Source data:
^^^^

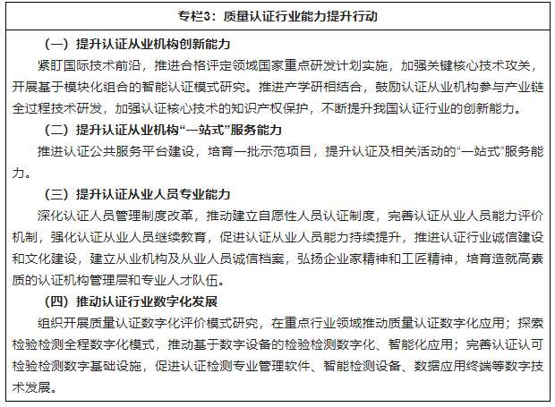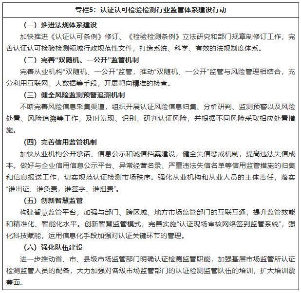 以改革創(chuàng )新為動(dòng)力,以提升供給質(zhì)量為主線(xiàn),扎實(shí)推進(jìn)法治、制度、科技、人才隊伍建設,全面強化基礎支撐能力,推動(dòng)認證認可檢驗檢測高質(zhì)量發(fā)展。1.強化法紀保障(1)完善法律法規體系。加快修訂《認證認可條例》,研究起草《檢驗檢測條例》,推動(dòng)相關(guān)法律法規完善涉及認證認可檢驗檢測的條款,加快合格評定立法進(jìn)程。加強認證認可檢驗檢測領(lǐng)域部門(mén)規章、規范性文件制修訂工作,完善從業(yè)機構資質(zhì)、從業(yè)人員管理、合格評定活動(dòng)及監督管理等規章制度;全面落實(shí)合法性審核、公平競爭審查等要求,提升立法質(zhì)量。(2)科學(xué)界定權責事項。全面推行清單管理,建立認證認可檢驗檢測監管領(lǐng)域的權力清單、責任清單和市場(chǎng)準入負面清單,有效規范行政執法行為和市場(chǎng)主體行為;堅持“誰(shuí)審批、誰(shuí)監管、誰(shuí)主管、誰(shuí)監管”原則,厘清行業(yè)管理職責邊界;堅持屬地管理和分級管理相結合,合理劃分各層級認證認可檢驗檢測監管權責事項。(3)完善監督制約機制。嚴格規范認證認可檢驗檢測領(lǐng)域公權力的運用,健全權力運行監督制約機制,切實(shí)加強行風(fēng)廉政建設,強化行紀銜接和行刑銜接,加大監督力度,落實(shí)監督責任,堅決維護認證認可檢驗檢測工作的公正性、廉潔性和有效性。2.強化技術(shù)支撐(1)優(yōu)化合格評定標準供給。完善合格評定標準化工作機制,發(fā)揮全國認證認可標準化技術(shù)委員會(huì )(TC261)的歸口管理職能,加快推動(dòng)合格評定國際標準的轉化應用,規范引導合格評定領(lǐng)域國家標準、行業(yè)標準、團體標準的協(xié)調發(fā)展,形成更為科學(xué)合理的合格評定標準體系。積極促進(jìn)合格評定領(lǐng)域應用先進(jìn)標準和最新科技成果,開(kāi)展行業(yè)標準自查清理工作,積極采用行業(yè)先進(jìn)標準,鼓勵行業(yè)協(xié)會(huì )、產(chǎn)業(yè)技術(shù)聯(lián)盟研制滿(mǎn)足合格評定需求的團體標準,全面提升合格評定標準供給水平。(2)提升合格評定創(chuàng )新能力。加強政策理論研究,完善合格評定體系頂層設計,為認證認可檢驗檢測創(chuàng )新發(fā)展提供政策指導和智力支持;健全產(chǎn)學(xué)研用一體化機制,鼓勵從業(yè)機構研制高于行業(yè)通用要求的合格評定技術(shù)方案,鼓勵企業(yè)、科研院所、行業(yè)協(xié)會(huì )參與合格評定創(chuàng )新研發(fā)活動(dòng),健全“認證制度所有者”機制,加強對自主創(chuàng )新技術(shù)成果的保護應用;開(kāi)展關(guān)鍵核心技術(shù)攻關(guān),適應合格評定技術(shù)正在由小樣本抽樣向大數據分析、由單一屬性向多屬性系統評價(jià)、由定性評價(jià)向定量化評價(jià)、由傳統技術(shù)向智慧化、全生命周期技術(shù)發(fā)展的趨勢,開(kāi)展合格評定數字化、智慧化、精量化、系統化技術(shù)研究,全面提升合格評定技術(shù)支撐引領(lǐng)能力。(3)推動(dòng)檢驗檢測資源高水平利用。推動(dòng)檢驗檢測儀器設備高端化發(fā)展,引導資源、經(jīng)費向檢驗檢測儀器設備研制傾斜,加強數字化、智能化檢測技術(shù)裝備研發(fā)應用,建立國產(chǎn)檢驗檢測儀器設備驗證評價(jià)體系,開(kāi)展國內外高端儀器儀表性能對比、驗證和綜合評價(jià),提升檢驗檢測儀器設備的技術(shù)水平;加強檢驗檢測標準樣品/標準物質(zhì)的研制,深化檢驗檢測方法規程、儀器設備、實(shí)驗環(huán)境、商標標識等方面的創(chuàng )新研發(fā)和知識產(chǎn)權保護,提升檢驗檢測要素資源的綜合應用水平;構建檢驗檢測資源開(kāi)放共享平臺,提高資源開(kāi)發(fā)利用效率。3.強化人才引領(lǐng)(1)打造教育培訓基地。加強認證認可檢驗檢測學(xué)科教育建設,支持高等院校、職業(yè)技術(shù)學(xué)校、教育培訓機構與認證認可檢驗檢測機構加強合作,打造教育培訓示范基地,開(kāi)發(fā)適應產(chǎn)業(yè)和社會(huì )需求的合格評定教育培訓課程,面向行業(yè)、政府、社會(huì )提供多層次、多領(lǐng)域、多渠道專(zhuān)業(yè)培訓。(2)提升專(zhuān)業(yè)隊伍能力。建立健全質(zhì)量認證和檢驗檢測從業(yè)人員職業(yè)資格制度,完善能力評價(jià)和繼續教育機制,持續提升人員能力素質(zhì)。加強對認證從業(yè)人員注冊考試的管理,組織開(kāi)展認證人員研修活動(dòng),壯大認證審核人員隊伍,加強檢驗檢測機構評審員培訓和監督管理,優(yōu)化評審員選派和現場(chǎng)評審機制,推進(jìn)行業(yè)評審組建設,提高評審員隊伍職業(yè)道德和專(zhuān)業(yè)能力素養。大力弘揚企業(yè)家精神和工匠精神,讓追求卓越、崇尚質(zhì)量成為行業(yè)的價(jià)值導向,造就高素質(zhì)的檢驗檢測認證機構管理層和行業(yè)領(lǐng)軍隊伍。(3)加強監管隊伍建設。加強各級市場(chǎng)監管部門(mén)的認證認可檢驗檢測監管能力建設,明確監管職能權責,充實(shí)監管資源配備,配齊監管人員隊伍,加強對基層一線(xiàn)的傾斜支持,建設一支政治過(guò)硬、業(yè)務(wù)精湛、作風(fēng)優(yōu)良的認證認可檢驗檢測監管隊伍。加強培訓指導力度,豐富完善培訓教材和監管執法案例庫,開(kāi)展多層次的培訓交流、
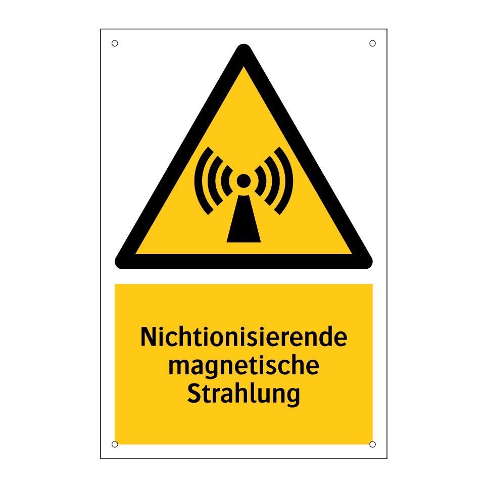 Warnschild mit dem Text Nichtionisierende magnetische Strahlung
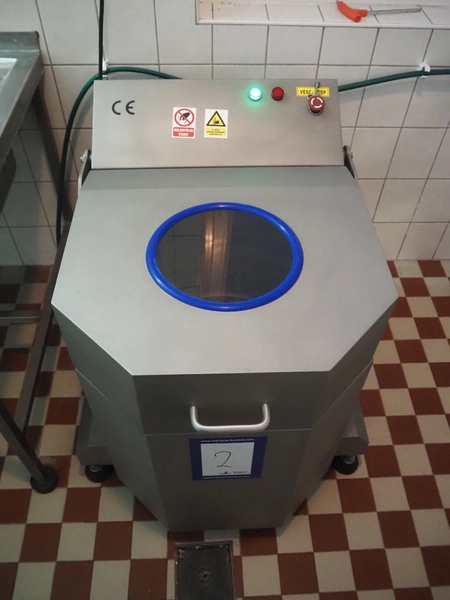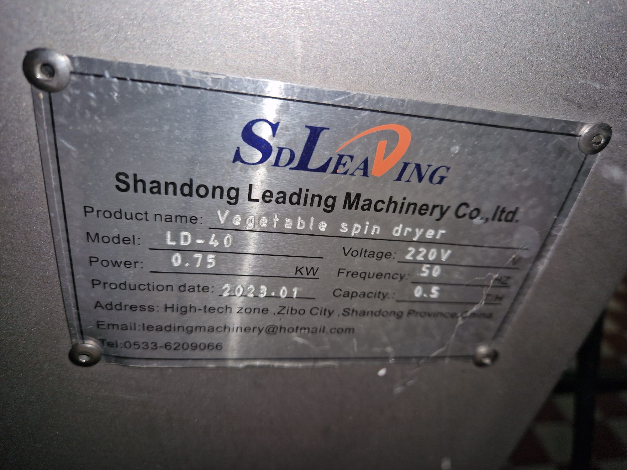 Shandong Leading Machinery Co. Ltd. vegetable spin dryer, model: LD-40, year of construction: 2023-01, 220 V, 50 Hz, 0.75 kW, capacity: 0.5 tons per hour, inside dimensions: Ø 400 mm x 300 mm, total dimensions: 950 mm x 650 mm x 900 mm.
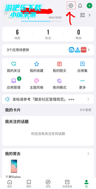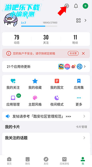 1、打开酷安app,点击我的,注册或登录账号后,点击右上角的设置;
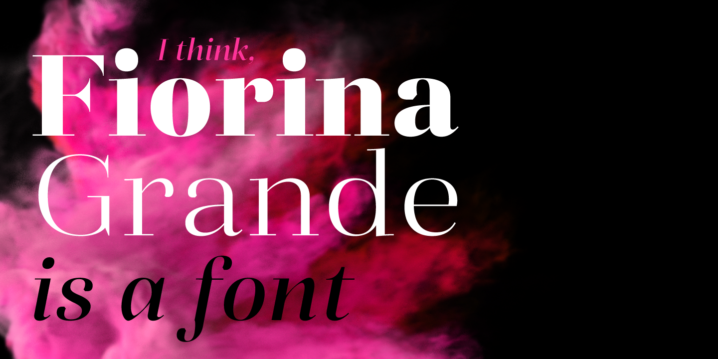 Fiorina is a modern Didone-style serif typeface of 72 fonts. It comes in 4 optical sizes, ranging from Text with moderate contrast to super-contrasted Grande,
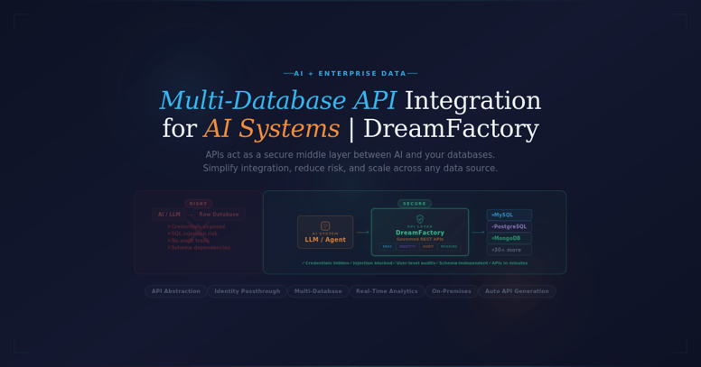 Why APIs beat direct database access for AI. Learn how DreamFactory provides governed multi-database API integration with RBAC, identity passthrough, and audit logging.
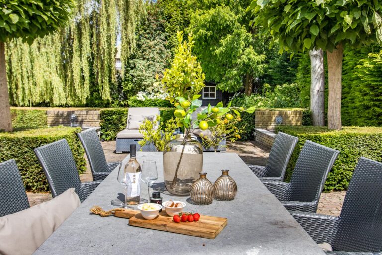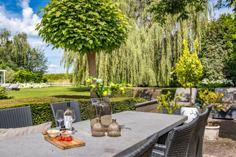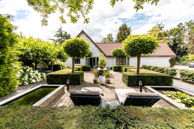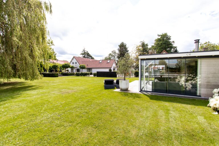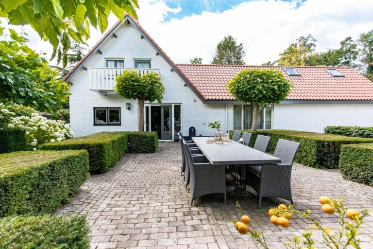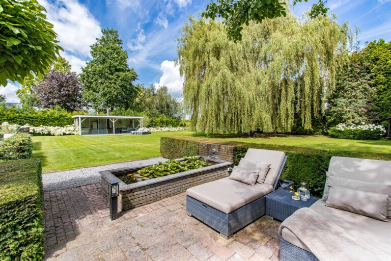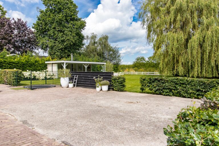 De tuin rondom de woning is verzorgd aangelegd met o.a. siergrind, gazon, verschillende struikgewassen, plantenborders en terrassen. De afsluitbare oprit aan de voorzijde van de woning biedt volop plek voor het parkeren van meerdere voertuigen. Met een uitgestrekt perceel, compleet met een weelderig gazon en sfeervolle terrassen, is er voldoende ruimte om in alle seizoenen te genieten van het buitenleven.
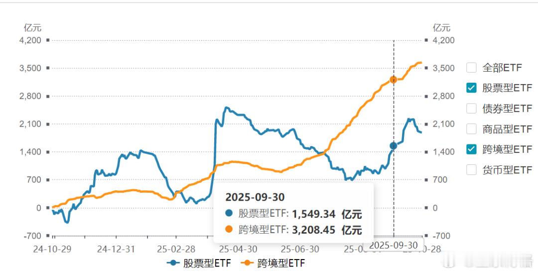 通过ETF净申购数据,我们看到9月份,股票型ETF净申购700亿,跨境ETF(港股)也净申购了700亿,两者合计1400亿,这个也基本对上了。
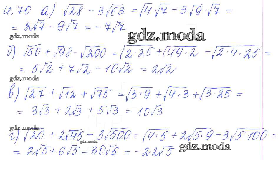 ОТВЕТ на задание № 4.70 Сборник задач по Алгебре 8 класс Галицкий
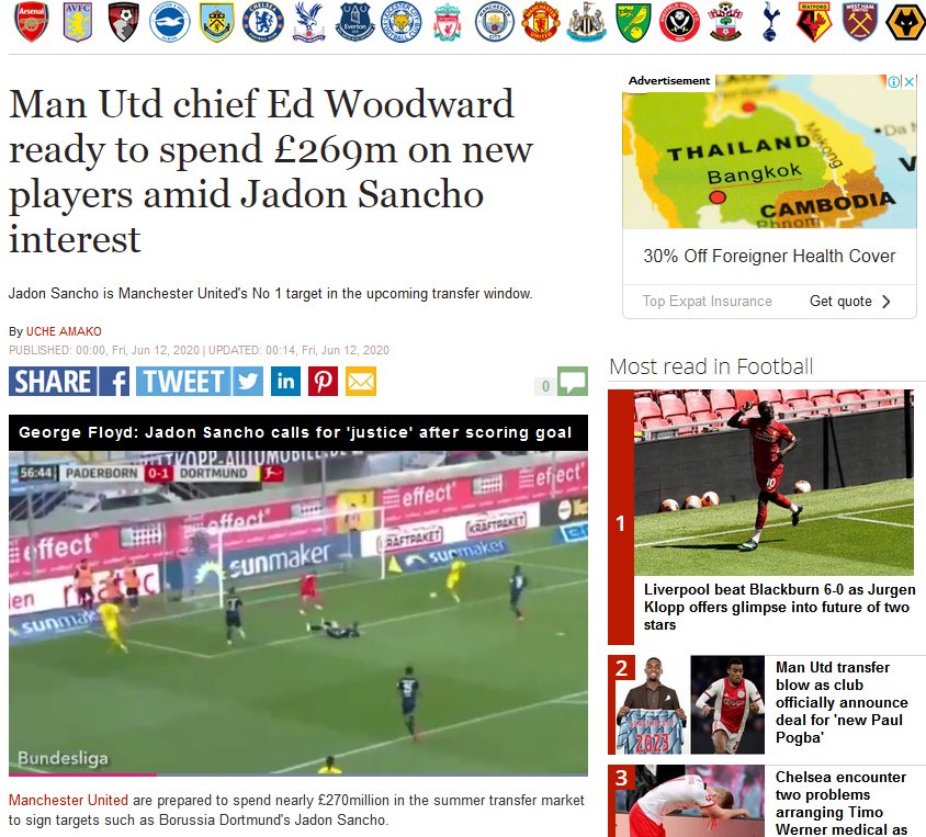 รายงานข่าวล่าสุด ลอร์อดเอ็ด หรือป๋าเอ็ด ของเด็กผีได้โชว์รวยเตรียมเงินให้ โอเล่ กุนน่าร์ โชลชา เสริมทีมฤดูกาลหน้าให้ทีมอื่นอิจฉาเล่นๆ ด้วยงบถึง 300 ล้านยูโร โดยเป้าหมายอันดับหนึ่งที่จะล่าตัวมาให้ได้คือ Jadon Sancho ดาวรุ่งพุ่งแรงมาวาดลวดลายในโรงละครให้ได้ คาดว่าการคว้าตัว Jadon Sancho ลุงหลุมผีป๋าเอ็ดจะต้องจ่ายราคาแพงถึง 100 ล้านยูโรก็ตามป๋าเอ็ดพร้อมจ่าย..
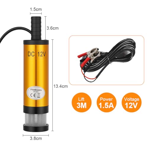 Flintronic DC 12V 38mm Ölpumpe Wasser Pumpe, Mit Clip Diesel Heizöl Wasser Tauchpumpe Treibstoff Transfer Mit herausnehmbarem Filter für Auto, KFZ, Caravan, Marine Boot
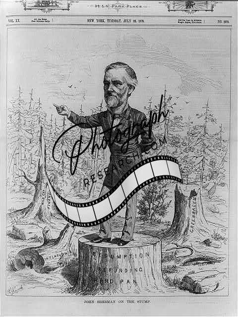 Cartoon,John Sherman,Ohio,Resumption-Refunding Hard Pad,1879,Congress
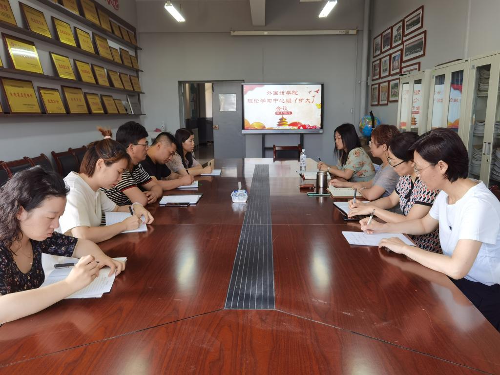 2021年7月12日上午,外国语学院党总支召集班子成员、总支委员、各支部书记召开理论学习中心组(扩大)会议,集中学习了习近平总书记在庆祝中国共产党成立100周年大会上的讲话。会议由总支副书记(主持工作)高海燕同志主持。
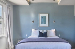 La Blue Room est équipée d'un lit double queen-size, d'une salle de bains et d'un petit balcon dominant le jardin.
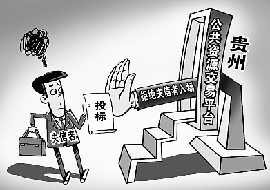 近日,贵州省发改委、贵州省高级人民法院、贵州省财政厅等九部门联合下发在公共资源交易领域对法院失信被执行人实施信用联合惩戒的通知,被法院列为失信被执行人的代理机构和投标人将被挡在公共资源交易的“大门”之外。
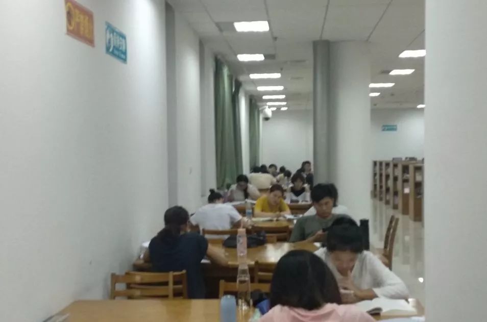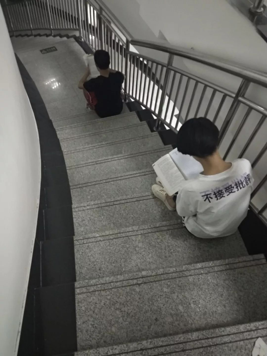 原来是在下晚自习后八点五十分时,一名大一学生想用图书馆闭馆前的最后40分钟再复习一下明天的考试科目。可是她走进馆里时便惊呆了,竟然看见有学长坐在楼梯上学习,在馆里竟然找不到一张空桌子。“本来以为再有40分钟就闭馆了,肯定有很多地方。”她说道。
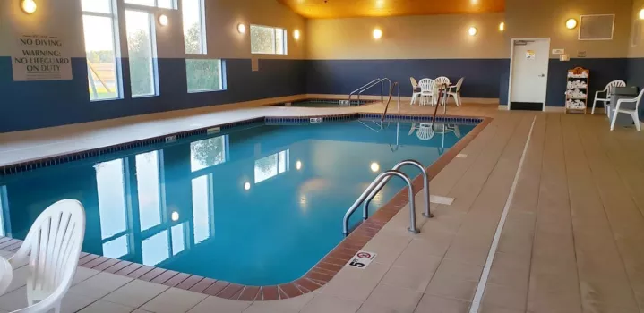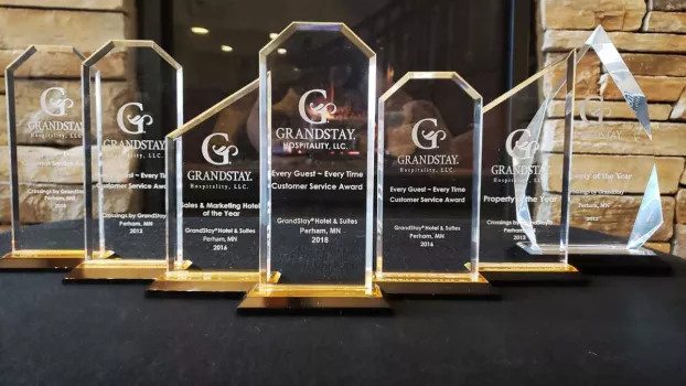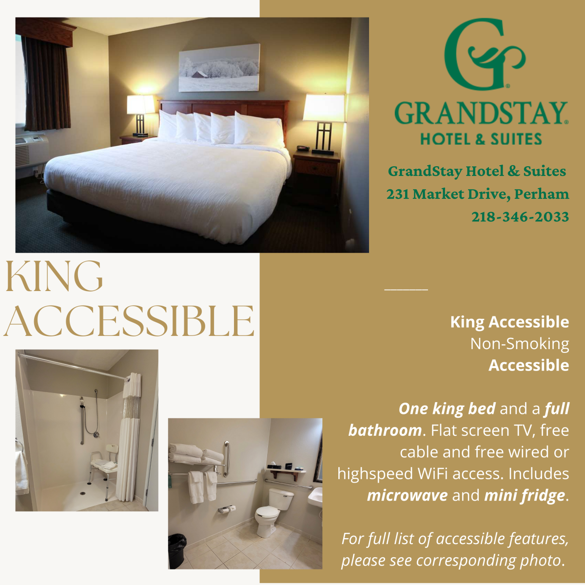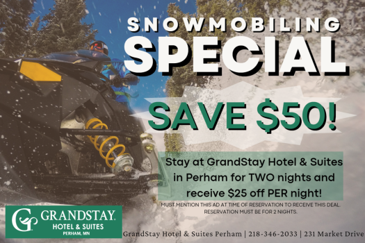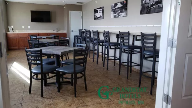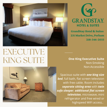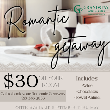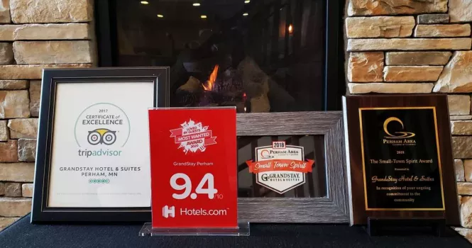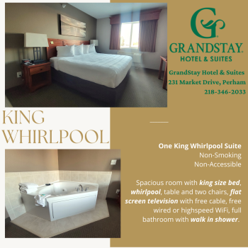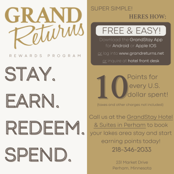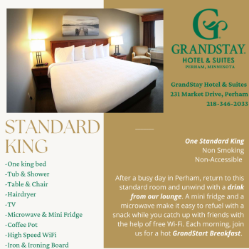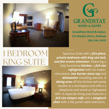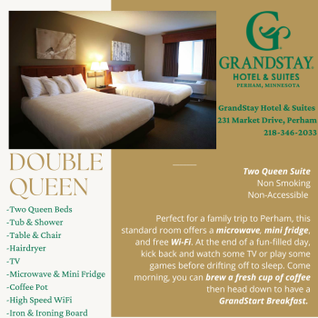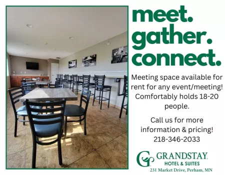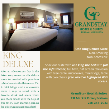 Perham's newest hotel! 45 guest suites with microwaves and mini fridges. We have extended stay suites with fireplaces. Complimentary Hot Breakfast. Free Wifi and wired internet access. Indoor pool with Hot Tub. Patio with Gas Grill & firepit. Kids can enjoy the Rainbow Playground. Onsite meeting room available to seat 25-30 people. Enjoy our on-site Moonlight Lounge at the GrandStay in the evenings!

^^^^

Assigned task — Give back exactly the lines from the one containing "Flintronic DC 12V" to the final line of the entries, both included, and no picture.

Finished task —
 Flintronic DC 12V 38mm Ölpumpe Wasser Pumpe, Mit Clip Diesel Heizöl Wasser Tauchpumpe Treibstoff Transfer Mit herausnehmbarem Filter für Auto, KFZ, Caravan, Marine Boot
 Cartoon,John Sherman,Ohio,Resumption-Refunding Hard Pad,1879,Congress
 2021年7月12日上午,外国语学院党总支召集班子成员、总支委员、各支部书记召开理论学习中心组(扩大)会议,集中学习了习近平总书记在庆祝中国共产党成立100周年大会上的讲话。会议由总支副书记(主持工作)高海燕同志主持。
 La Blue Room est équipée d'un lit double queen-size, d'une salle de bains et d'un petit balcon dominant le jardin.
 近日,贵州省发改委、贵州省高级人民法院、贵州省财政厅等九部门联合下发在公共资源交易领域对法院失信被执行人实施信用联合惩戒的通知,被法院列为失信被执行人的代理机构和投标人将被挡在公共资源交易的“大门”之外。
 原来是在下晚自习后八点五十分时,一名大一学生想用图书馆闭馆前的最后40分钟再复习一下明天的考试科目。可是她走进馆里时便惊呆了,竟然看见有学长坐在楼梯上学习,在馆里竟然找不到一张空桌子。“本来以为再有40分钟就闭馆了,肯定有很多地方。”她说道。
 Perham's newest hotel! 45 guest suites with microwaves and mini fridges. We have extended stay suites with fireplaces. Complimentary Hot Breakfast. Free Wifi and wired internet access. Indoor pool with Hot Tub. Patio with Gas Grill & firepit. Kids can enjoy the Rainbow Playground. Onsite meeting room available to seat 25-30 people. Enjoy our on-site Moonlight Lounge at the GrandStay in the evenings!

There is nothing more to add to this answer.